Он бывший повар, готовит сам, и быстро так, а я на подхвате.
– Нет, не радует, а если я не буду на заводе работать?
– Будешь, Танюша, будешь. А может, это не работа, а Хрен в сандалиях, виноват? Может, ты к этому Хрену, в сандалиях, бегаешь, а?
– Какой еще, хрен в сандалиях? – я замолчала, что такое, что со мной…
– Стой! – схватила я его за рукав
– Ты чего?
– Где ты видел, Хрена в сандалиях?
– Я его не видел, это мамка твоя говорила, что какой – то хрен, ошивался возле твоего дома, к тебе приходил
– А когда это было?
– До свадьбы еще. А, мамка твоя с отчимом, с лестницы его спустили.
Я оделась и выбежала из квартиры. Я бежала к матери. Никто в нашем городе, в сандалиях не ходил, таких, что бы бросились в глаза. Я знаю – это он! Димка стеснялся своего роста и любил, чтобы пальцы торчали. Мы покупали те самые сандалии, это он.
– Мама, мамочка. Расскажи, кто меня искал до свадьбы, приходил сюда?
– Никто не приходил
– А в сандалиях?
– Это давно, до свадьбы вашей. Ходил один вокруг дома, белобрысый. Я, говорит, с ней в Питере учился.
– А ты что ответила?
– Послала его. Зачем он тебе, голодранец то, худой? На улице холод, а он в сандалиях, длинный такой с рюкзаком.
– Мам, эти сандалии стоят, как твои пять сапог. Он издалека ехал, откуда он знал, что тут одеть?
– Нечего тут ошиваться, вышла замуж, значит живи с Витей!
– А я любила его. Любила, понимаешь? – голос мой сорвался, я заплакала.
– Подумаешь, любила она! Вечно тебе нравится черти что.
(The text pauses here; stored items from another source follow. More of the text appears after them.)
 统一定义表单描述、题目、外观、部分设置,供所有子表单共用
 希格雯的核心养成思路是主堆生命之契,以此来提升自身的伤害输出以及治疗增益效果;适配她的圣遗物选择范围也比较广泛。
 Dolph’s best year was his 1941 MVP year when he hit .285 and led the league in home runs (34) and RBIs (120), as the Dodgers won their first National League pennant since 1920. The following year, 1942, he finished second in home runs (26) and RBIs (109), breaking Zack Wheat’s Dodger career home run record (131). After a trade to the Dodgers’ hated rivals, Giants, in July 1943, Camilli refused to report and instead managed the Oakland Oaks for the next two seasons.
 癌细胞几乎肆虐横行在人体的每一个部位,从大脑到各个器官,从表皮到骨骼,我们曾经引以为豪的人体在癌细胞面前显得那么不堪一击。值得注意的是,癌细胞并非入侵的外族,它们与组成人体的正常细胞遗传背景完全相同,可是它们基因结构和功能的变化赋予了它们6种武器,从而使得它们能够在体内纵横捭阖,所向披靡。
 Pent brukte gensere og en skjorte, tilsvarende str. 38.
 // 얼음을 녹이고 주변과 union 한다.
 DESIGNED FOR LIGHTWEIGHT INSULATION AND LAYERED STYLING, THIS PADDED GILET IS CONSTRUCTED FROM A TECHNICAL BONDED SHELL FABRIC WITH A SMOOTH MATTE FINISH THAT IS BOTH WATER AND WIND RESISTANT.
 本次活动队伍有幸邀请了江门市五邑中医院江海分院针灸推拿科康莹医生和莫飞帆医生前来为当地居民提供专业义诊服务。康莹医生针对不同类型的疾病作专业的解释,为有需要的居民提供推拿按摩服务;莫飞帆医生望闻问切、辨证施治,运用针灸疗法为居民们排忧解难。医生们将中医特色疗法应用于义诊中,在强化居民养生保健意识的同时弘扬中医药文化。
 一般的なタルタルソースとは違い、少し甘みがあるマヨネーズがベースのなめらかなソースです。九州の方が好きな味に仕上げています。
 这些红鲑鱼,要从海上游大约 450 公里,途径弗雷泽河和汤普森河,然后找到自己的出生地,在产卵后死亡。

На кого он похож то? Худой, ноги голяком, ни работает, небось нигде!
Мать кричала громче, и началась истерика, полетели тарелки, опять досталось шторе тюлевой.
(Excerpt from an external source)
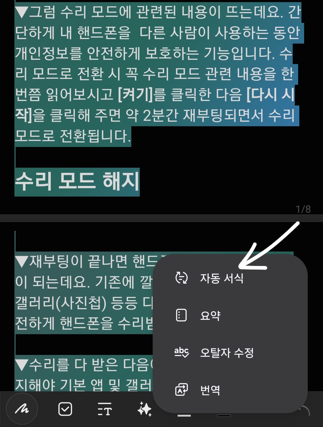 ▼그 외 삼성 노트의 새로 생긴 자동 서식 기능을 사용하면 [제목 및 글머리 기호], [회의 노트] 형식의 텍스트로 바꿔주는 기능도 생겼으니 한번 사용해 보시길 바랍니다.
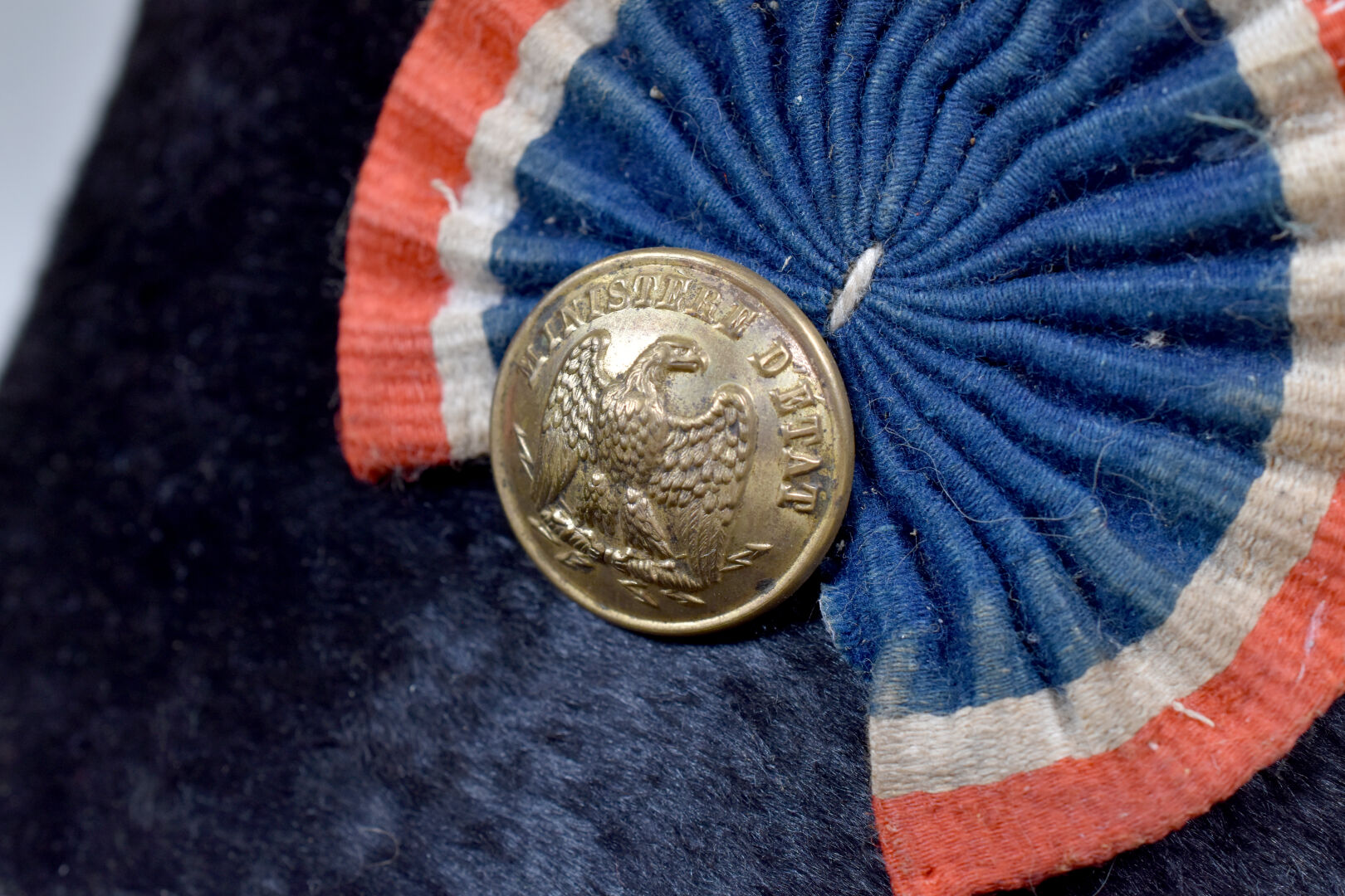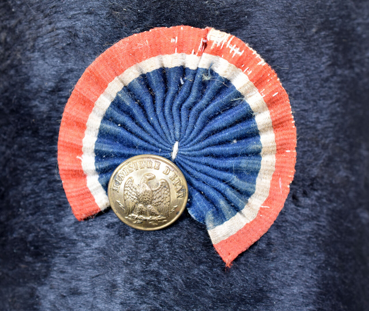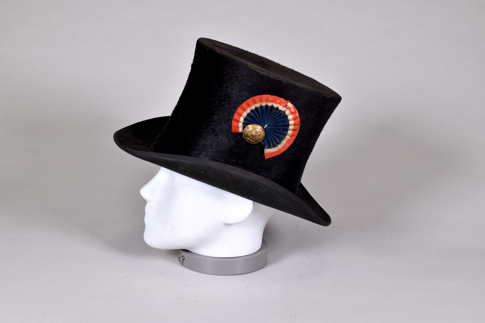 Chapeau haut-de-forme en taupé noir. Côté gauche portant une cocarde tricolore en tissu gaufré, retenue par un bouton en laiton avec une aigle non-couronnée sénestrogyre sur foudres, et texte « Ministère d’Etat ». État 2.

– Любила она! Ишь ты. Работать не хотят. Я так и знала, как отец, будешь! – мать орала, а я ушла.
Я шла и ненавидела ее, ненавидела отчима, я вспомнила их. Как они, выставляли, меня, маленькую, на улицу, как свистели частушки под полонез Огинского, который я играла на пианино. А я плакала под этот полонез. Не давали делать уроки.
Пришла к мужу, он сидел на кухне
– Я у матери была
– Про, Хрена, спрашивала?
– Да
– И что?
– Он издалека приезжал, с Калининграда, пару суток ехать. А они – пошлые мрази, мать с Федей
– Нельзя так про мать. Она тебя обувала, одевала. Моя мать совсем не работала, а я ее люблю. А твоя работает.
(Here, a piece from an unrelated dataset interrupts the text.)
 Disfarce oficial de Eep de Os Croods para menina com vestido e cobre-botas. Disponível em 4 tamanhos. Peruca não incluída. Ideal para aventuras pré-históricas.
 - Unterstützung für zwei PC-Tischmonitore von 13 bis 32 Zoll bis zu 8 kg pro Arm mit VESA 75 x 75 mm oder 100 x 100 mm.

– Значит, если работаешь, то все можно, да?
– Конечно
– Пить, гулять, предавать, матом орать на ребенка можно, главное работать?
– Ну конечно, а как без работы, Тань?
– Ты старый, Витя.
– А говорила, разница в возрасте устраивает, я тебя насильно замуж не брал.
– Ты не по годам старый, по характеру что ли.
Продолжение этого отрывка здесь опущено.